The Holy Father invoked the memory of the saintly former archbishop of Milan today while calling for priests to renew their faith.
Borromeo is of special significance to those of us who care deeply about Vatican II as well. What did a Council Father at Trent have to do with Vatican II?
It turns out that Pope John XXIII, who convoked Vatican II, was a church historian and he had edited the "acta" of Borromeo's apostolic vistations after the Council of Trent. The archbishop went from church to church throughout his sprawling archdiocese to ensure that the reforms enacted at Trent were being implemented. When John XXIII opened Vatican II, he knew exactly what reform was all about from studying Borromeo's work.

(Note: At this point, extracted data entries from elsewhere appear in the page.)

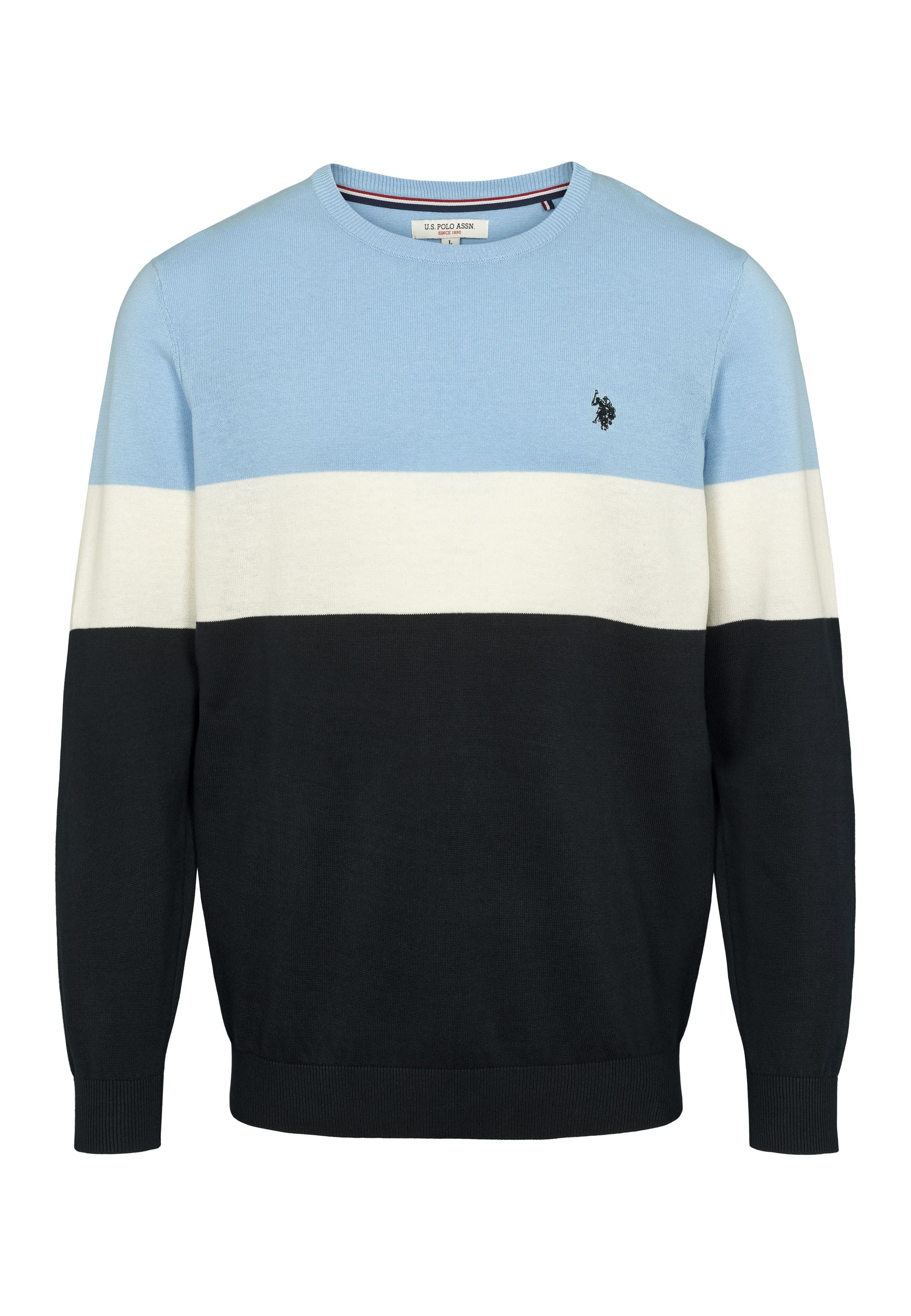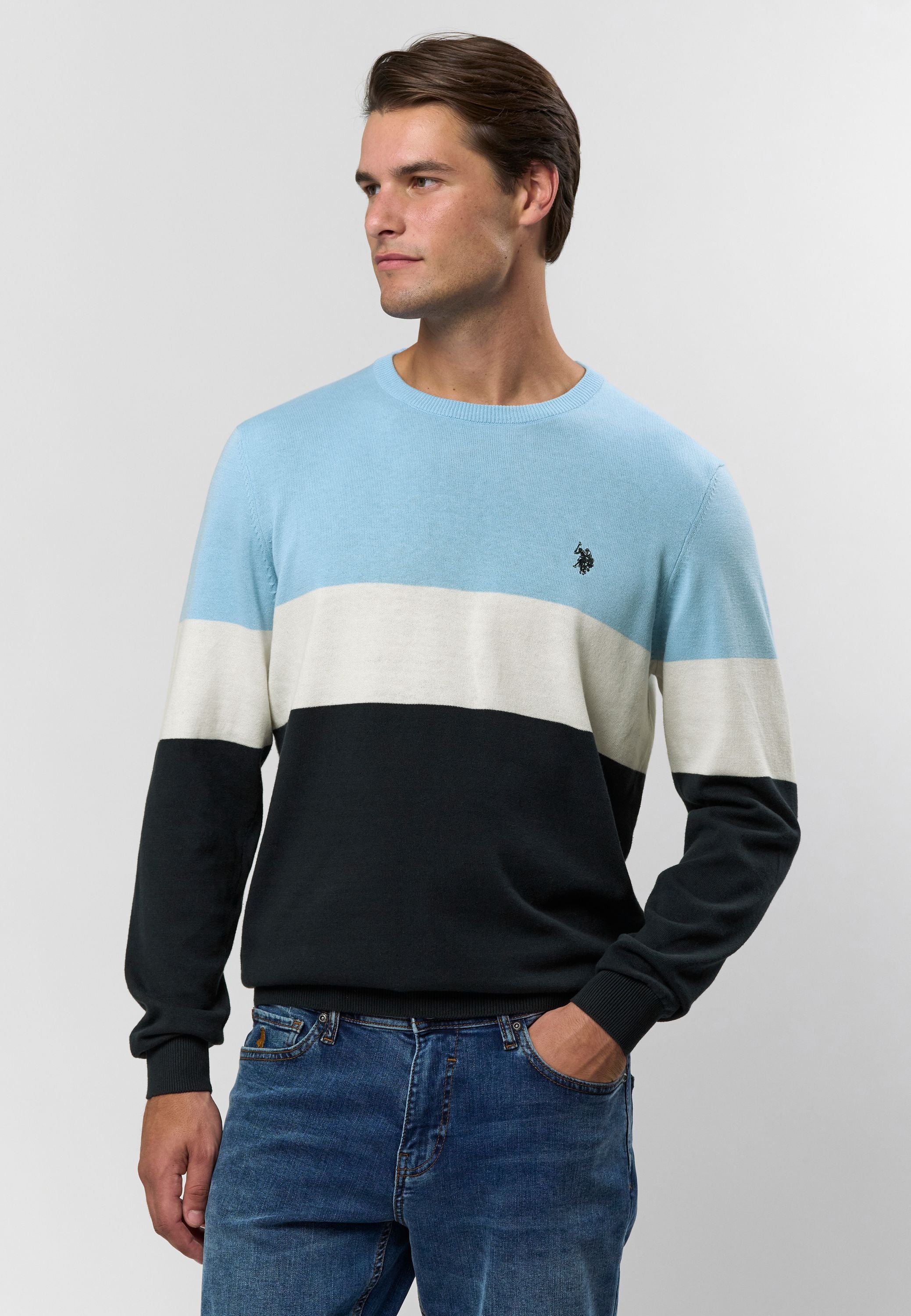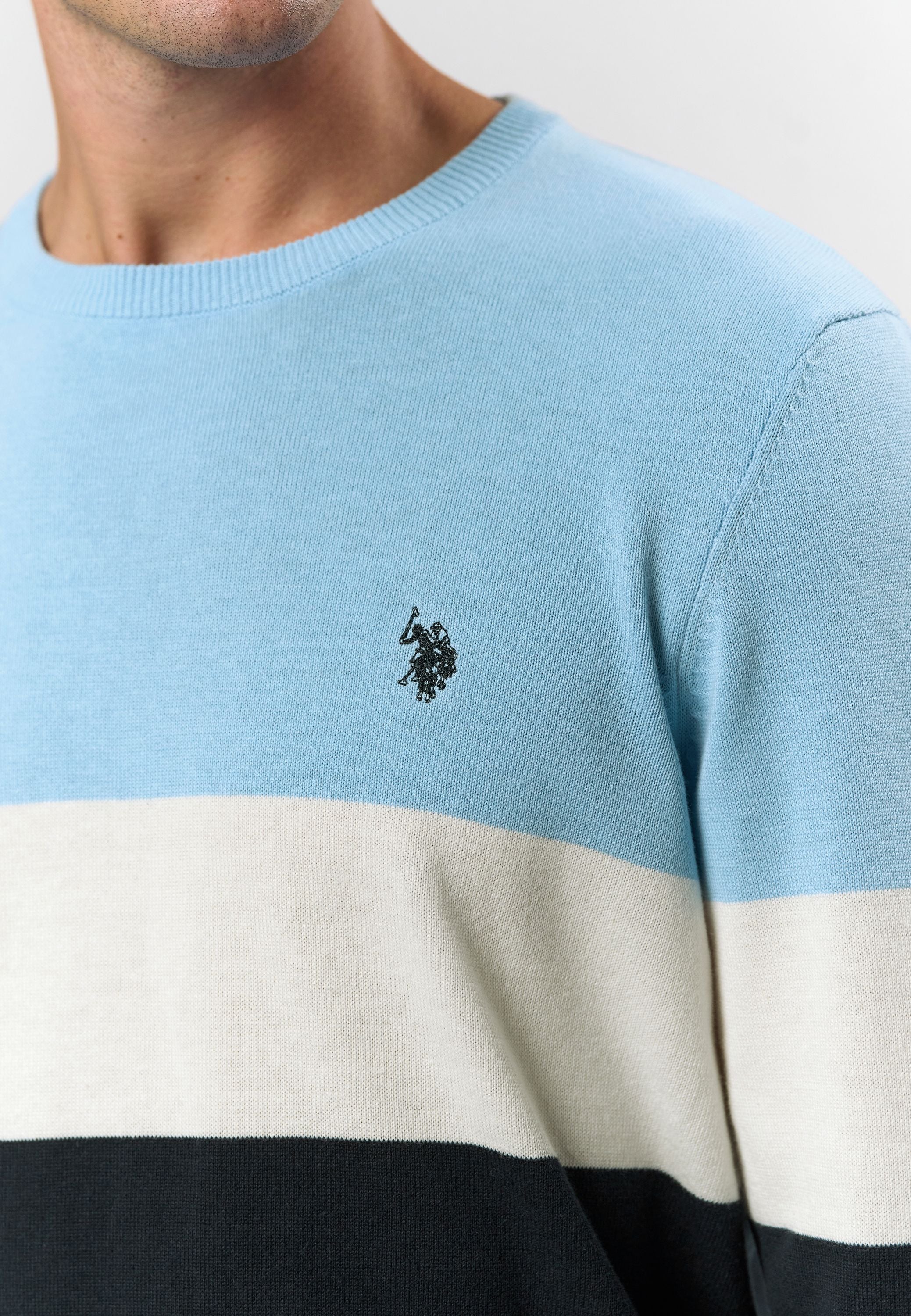Rene är en klassisk stickad tröja med moderna färgblock i ljusblått, vitt och marinblått. Den rena runda halsen och den broderade logotypen på bröstet ger en tidlös, sportig look, medan den mjuka bomullskvaliteten garanterar komfort hela dagen. En mångsidig sticka som kan stylas både för en avslappnad look och för en mer polerad vardagsgarderob.
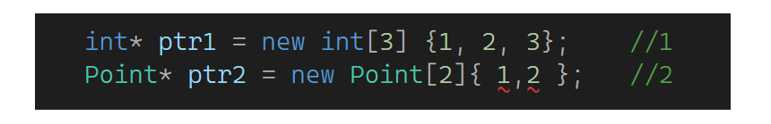 之前说过单参数构造支持隐式类型转换,有了花括号相当于多参数构造也支持隐式类型转换,如:A a = 5,如果没支持要这样写------A a = A(5)或A a(5)。B b = {3, 2,5},如果没支持这样写------B b = B(3, 2.5)或B b(3, 2.5)。同时回顾一下这里:Pointer& r = {3, 3},这样不支持,加const就支持了,因为类型转换都会产生临时对象,临时对象具有常性。再看下一部分:
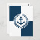 Nautical themed design with anchor and laurel wreath decoration over blue and white geometric background
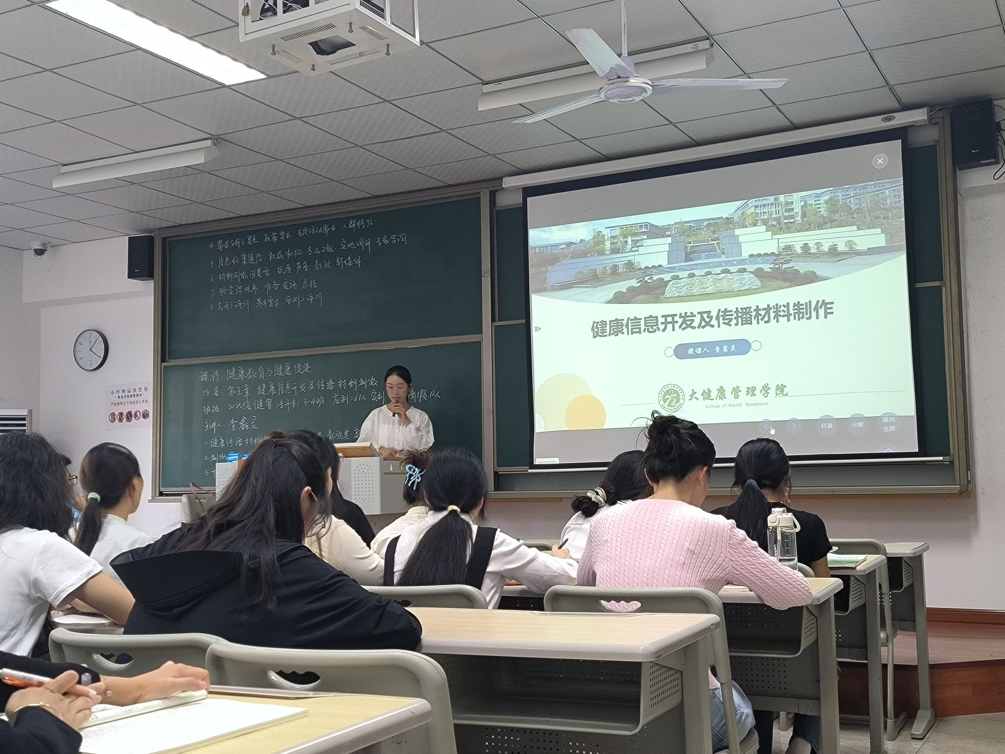 查鑫灵老师围绕“健康信息开发及传播材料制作”主题,系统讲解了健康传播材料的制作、健康传播材料的需求分析、健康信息收集与加工等课程内容。通过多媒体课件清晰展示各类健康传播材料的特点与适用场景,结合生动案例,详细讲解了健康传播材料的信息收集和制作。同学们认真听讲,积极思考,课堂氛围活跃。
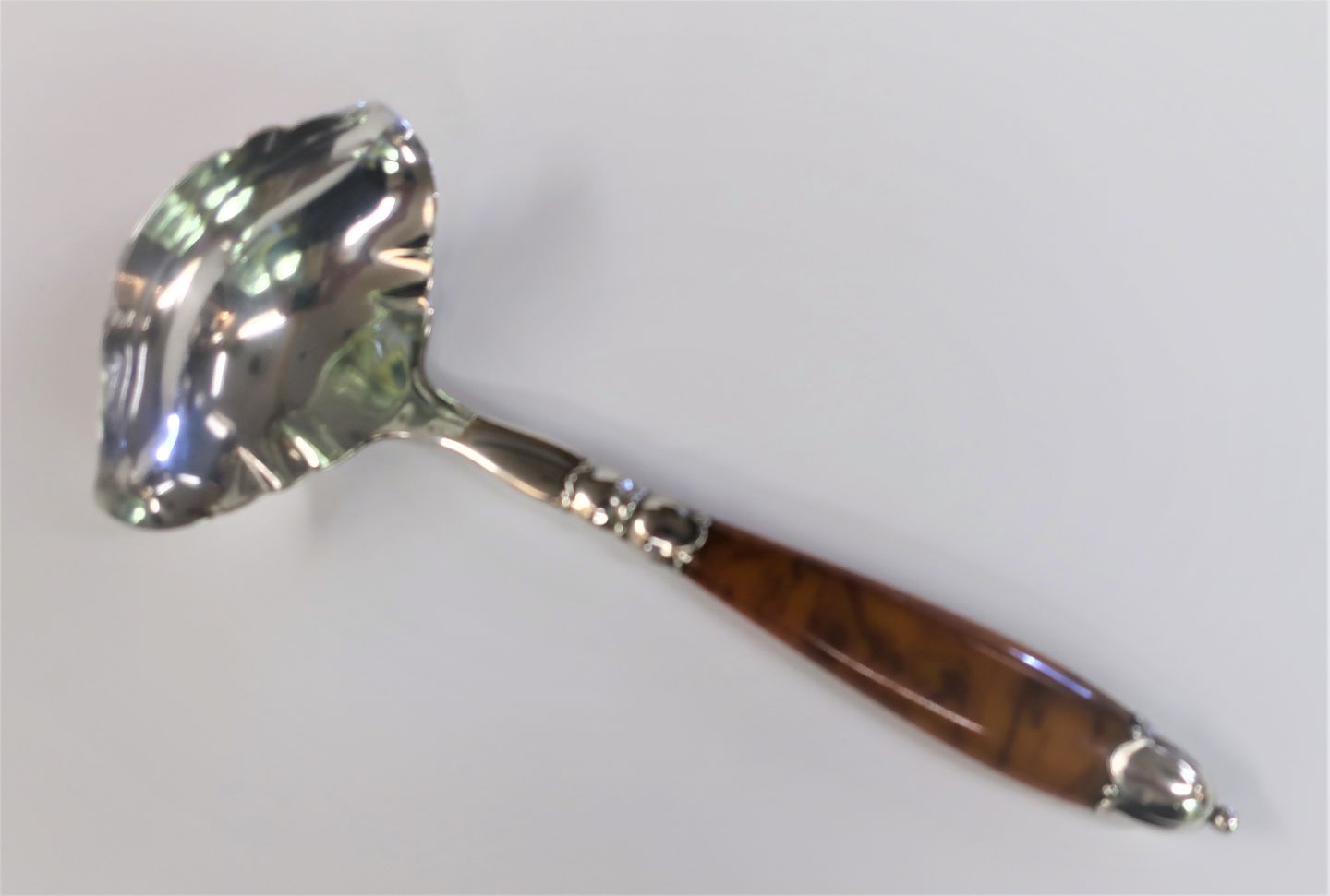 Sølv sovseske med kunst rav. (830). Længde 20 cm. Produceret 1928
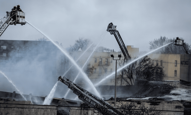Image capturing the efforts of first responders as they worked to put out the flames.
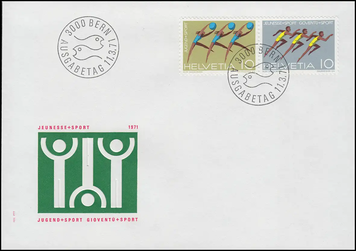 Schweiz 940-941 Zusammendruck Jugendsport 1971, FDC ESSt Bern 11.3.1971
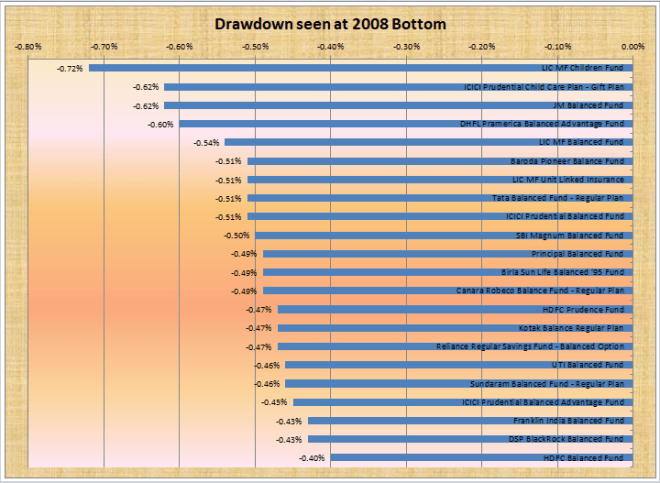 The disadvantage of Balanced funds comes to the fore if and when the markets crack. While we may or may not see a fall similar to the one seen in 2008, its important to see how the funds held up during the 2008 crisis with a much lower Asset Under Management to get a better understanding of the Risks that a Investor is assuming.
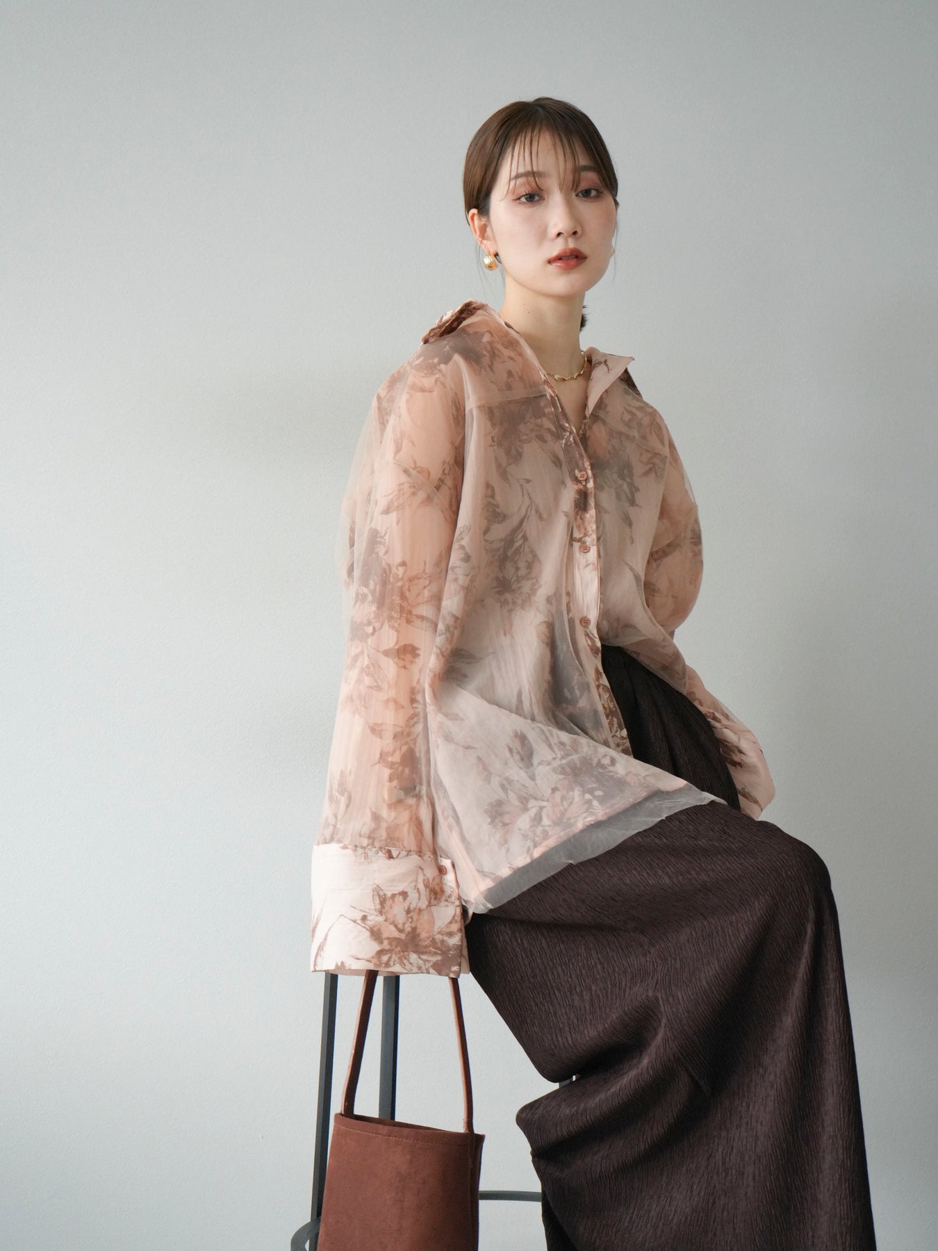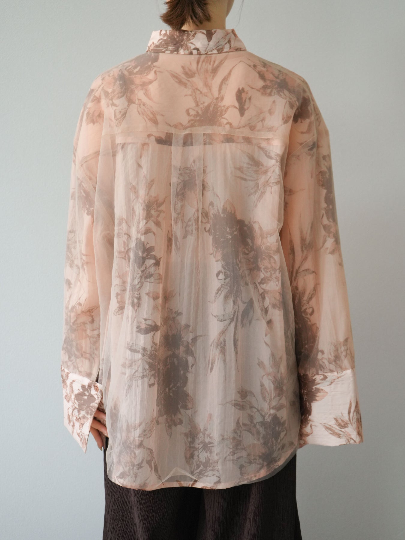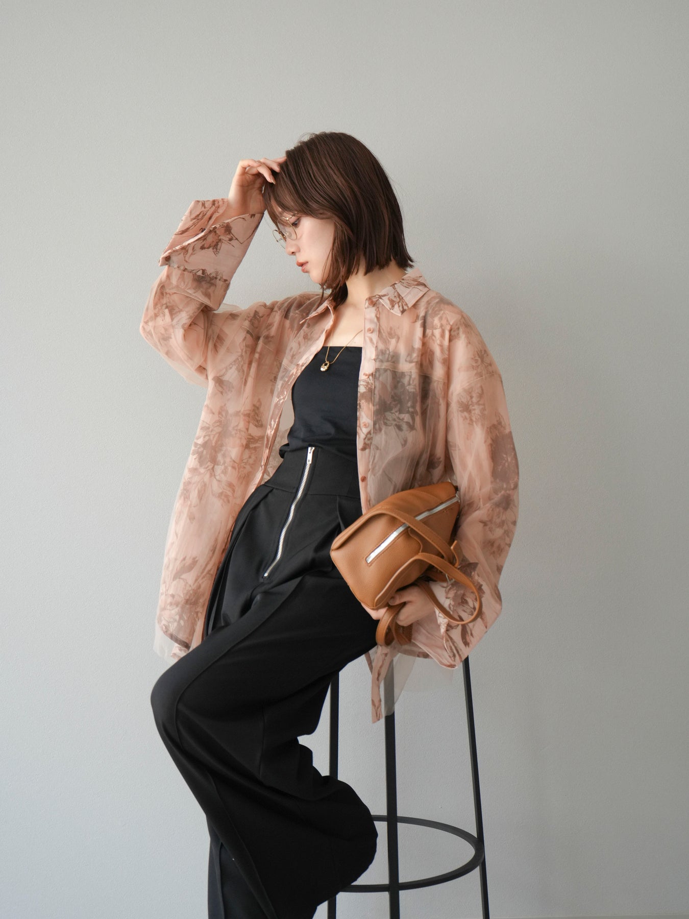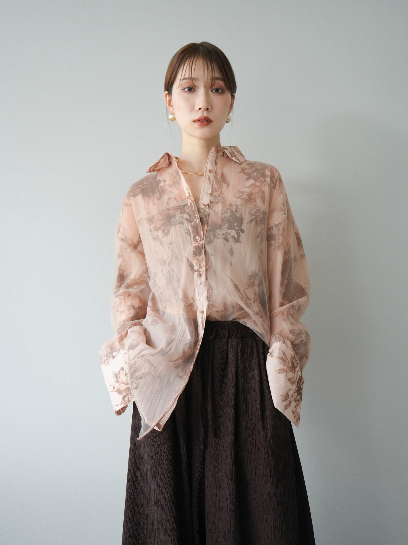 透け感のある軽やかなチュールと繊細なフラワー柄を組み合わせたオーバーサイズシャツ。柔らかな風合いと程よい光沢感が上品さを演出します。ゆったりとしたシルエットとドロップショルダーで抜け感をプラスし、羽織りとしても一枚着としても活躍。袖口のワイドカフスが手元を華奢に見せ、シンプルなボトムと合わせるだけで大人フェミニンな着こなしが完成します。 ※ボトムス、キャミソール(インナー)以外の商品は一律でインナーは付属していません

This is also critical to understanding what Pope Benedict means when he speaks of a "hermeneutic of reform," with elements of both continuity and discontinuity. If there was no need for change, there was no need for a Council. But, we Catholics do not just come up with change ex nihilo. In trying to address the needs of his day, Pope John looked back to the tradition of the Church to chart a way forward. He knew from his study of that tradition that a Council can have a life-giving effect on the Church, that to be truly new, one needed to be authentically traditional, and that to be authentically traditional, one needed to be commited to the on-going work of reform.
So, happy festa San Carlo. The Church still needs your prayers!